Sunday, May 16, 2010

Blame it on the poll tax

The Conservatives still have only 1 MP in Scotland.

It is said that the Scots continue to bear a grudge over the way that Margaret Thatcher imposed the Poll Tax on them, or rather tried it out on them a whole year before inflicting it on the English, thus proving that she regarded the Scots as mere guinea pigs or lab rats.

The Scots are, of course, entitled to their own opinion (& do not need my permission for it) but I personally have always blamed the Scots for the fact that we English ended up having it imposed upon us.

It is well known that the poll tax proposals were developed by a team of outside advisers brought in because the civil servants could not be trusted to produce workable proposals for a tax about which they were sceptical.

When the Green Paper was published with its glossy green cover & what may have been the first ever full-colour graphs in such a publication, I was almost convinced by the case for a poll tax laid out in the first few paragraphs. Then common sense prevailed. I was far from being the only sceptic - many Conservatives spoke against it too. A lengthy consultation period began.

But the Scottish Conservative ministers were in trouble.

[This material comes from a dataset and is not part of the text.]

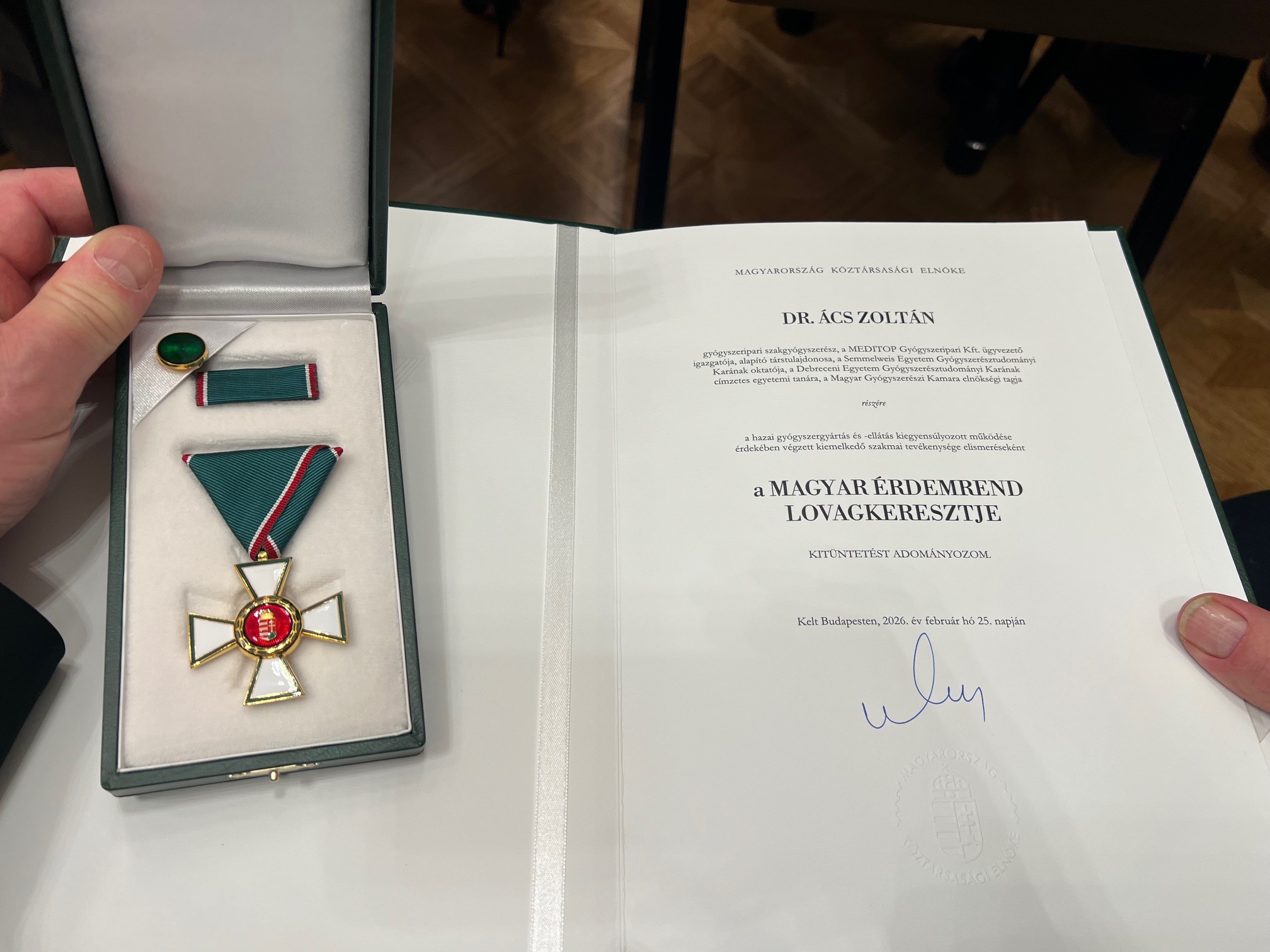 A MEDITOP Gyógyszeripari Kft. büszkén ad hírt arról, hogy Dr. Ács Zoltán, gyógyszeripari szakgyógyszerész, a MEDITOP Gyógyszeripari Kft. ügyvezető igazgatója és alapító társtulajdonosa, a Semmelweis Egyetem Gyógyszerésztudományi Karának oktató gyógyszerésze, a Debreceni Egyetem Gyógyszerésztudományi Kar címzetes egyetemi tanára, valamint a Magyar Gyógyszerészi Kamara elnökségi tagja rangos állami elismerésben részesült.

The existing unpopular system of financing local government, based on the rates (a type of property tax) relied on periodic revaluation of all properties in each local area. This exercise always produced big political trouble – those who ended up paying more complained vociferously while everybody else of course kept quiet. A rating revaluation due in England had been postponed pending the new Green Paper but Scotland had gone ahead with theirs. Middle class voters in more expensive homes were not happy, & the Scottish Conservatives feared punishment at the next election. Then they heard of this wizard new wheeze in England. They asked for & were given permission to rush it though north of the border.

The chances of the proposals getting defeated by a rebellion of English Conservative MPs were probably slim anyway, but all hope of this disappeared once the tax was up & running in Scotland.

That is my way of looking at it anyway.